Brief: When copying the data below, keep only the lines from the one with "Красивая девушка с цветами сирени" through the one with "There are two", word for word, and skip the pictures.

Provided records:
---

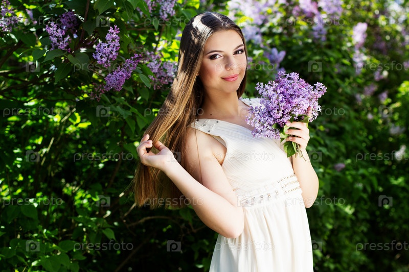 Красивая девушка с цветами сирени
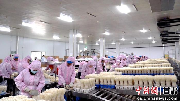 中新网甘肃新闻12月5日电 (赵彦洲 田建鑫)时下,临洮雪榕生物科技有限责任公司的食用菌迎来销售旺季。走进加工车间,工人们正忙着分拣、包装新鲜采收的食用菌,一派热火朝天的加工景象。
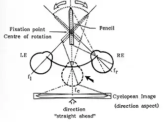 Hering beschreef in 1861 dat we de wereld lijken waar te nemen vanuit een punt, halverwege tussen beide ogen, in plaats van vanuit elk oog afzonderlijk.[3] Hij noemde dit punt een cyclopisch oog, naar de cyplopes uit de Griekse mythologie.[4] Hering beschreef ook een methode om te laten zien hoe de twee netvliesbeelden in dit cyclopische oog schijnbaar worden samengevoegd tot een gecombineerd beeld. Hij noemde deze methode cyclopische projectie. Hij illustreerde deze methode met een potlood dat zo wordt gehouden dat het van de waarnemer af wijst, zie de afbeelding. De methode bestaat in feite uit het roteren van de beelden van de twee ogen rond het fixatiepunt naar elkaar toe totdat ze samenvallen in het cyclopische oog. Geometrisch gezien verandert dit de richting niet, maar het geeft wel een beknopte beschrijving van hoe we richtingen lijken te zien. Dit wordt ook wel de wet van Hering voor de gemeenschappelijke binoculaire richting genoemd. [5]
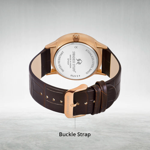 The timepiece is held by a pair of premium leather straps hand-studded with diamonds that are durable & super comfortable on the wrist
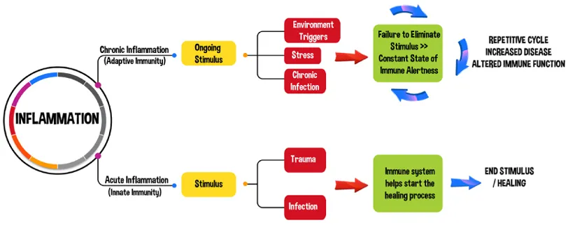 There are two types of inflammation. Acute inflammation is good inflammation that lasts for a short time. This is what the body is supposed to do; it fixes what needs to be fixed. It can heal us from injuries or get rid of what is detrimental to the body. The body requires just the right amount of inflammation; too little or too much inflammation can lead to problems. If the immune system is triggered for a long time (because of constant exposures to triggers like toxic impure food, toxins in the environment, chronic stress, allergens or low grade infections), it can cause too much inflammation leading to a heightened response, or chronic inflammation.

---

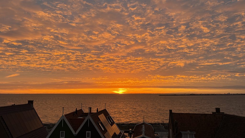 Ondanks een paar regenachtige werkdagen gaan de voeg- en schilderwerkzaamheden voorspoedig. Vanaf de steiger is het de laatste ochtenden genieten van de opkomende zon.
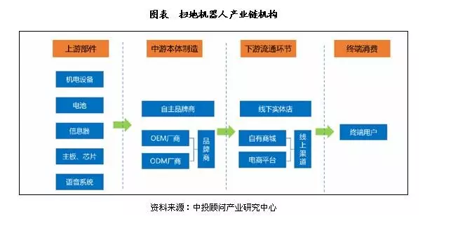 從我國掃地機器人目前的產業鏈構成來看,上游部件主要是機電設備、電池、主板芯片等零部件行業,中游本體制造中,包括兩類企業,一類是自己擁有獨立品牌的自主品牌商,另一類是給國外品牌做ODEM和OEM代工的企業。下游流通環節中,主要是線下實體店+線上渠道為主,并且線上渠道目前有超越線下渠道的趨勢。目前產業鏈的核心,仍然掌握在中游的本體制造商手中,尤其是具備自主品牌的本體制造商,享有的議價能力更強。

---

Response to this task:
 Красивая девушка с цветами сирени
 中新网甘肃新闻12月5日电 (赵彦洲 田建鑫)时下,临洮雪榕生物科技有限责任公司的食用菌迎来销售旺季。走进加工车间,工人们正忙着分拣、包装新鲜采收的食用菌,一派热火朝天的加工景象。
 Hering beschreef in 1861 dat we de wereld lijken waar te nemen vanuit een punt, halverwege tussen beide ogen, in plaats van vanuit elk oog afzonderlijk.[3] Hij noemde dit punt een cyclopisch oog, naar de cyplopes uit de Griekse mythologie.[4] Hering beschreef ook een methode om te laten zien hoe de twee netvliesbeelden in dit cyclopische oog schijnbaar worden samengevoegd tot een gecombineerd beeld. Hij noemde deze methode cyclopische projectie. Hij illustreerde deze methode met een potlood dat zo wordt gehouden dat het van de waarnemer af wijst, zie de afbeelding. De methode bestaat in feite uit het roteren van de beelden van de twee ogen rond het fixatiepunt naar elkaar toe totdat ze samenvallen in het cyclopische oog. Geometrisch gezien verandert dit de richting niet, maar het geeft wel een beknopte beschrijving van hoe we richtingen lijken te zien. Dit wordt ook wel de wet van Hering voor de gemeenschappelijke binoculaire richting genoemd. [5]
 The timepiece is held by a pair of premium leather straps hand-studded with diamonds that are durable & super comfortable on the wrist
 There are two types of inflammation. Acute inflammation is good inflammation that lasts for a short time. This is what the body is supposed to do; it fixes what needs to be fixed. It can heal us from injuries or get rid of what is detrimental to the body. The body requires just the right amount of inflammation; too little or too much inflammation can lead to problems. If the immune system is triggered for a long time (because of constant exposures to triggers like toxic impure food, toxins in the environment, chronic stress, allergens or low grade infections), it can cause too much inflammation leading to a heightened response, or chronic inflammation.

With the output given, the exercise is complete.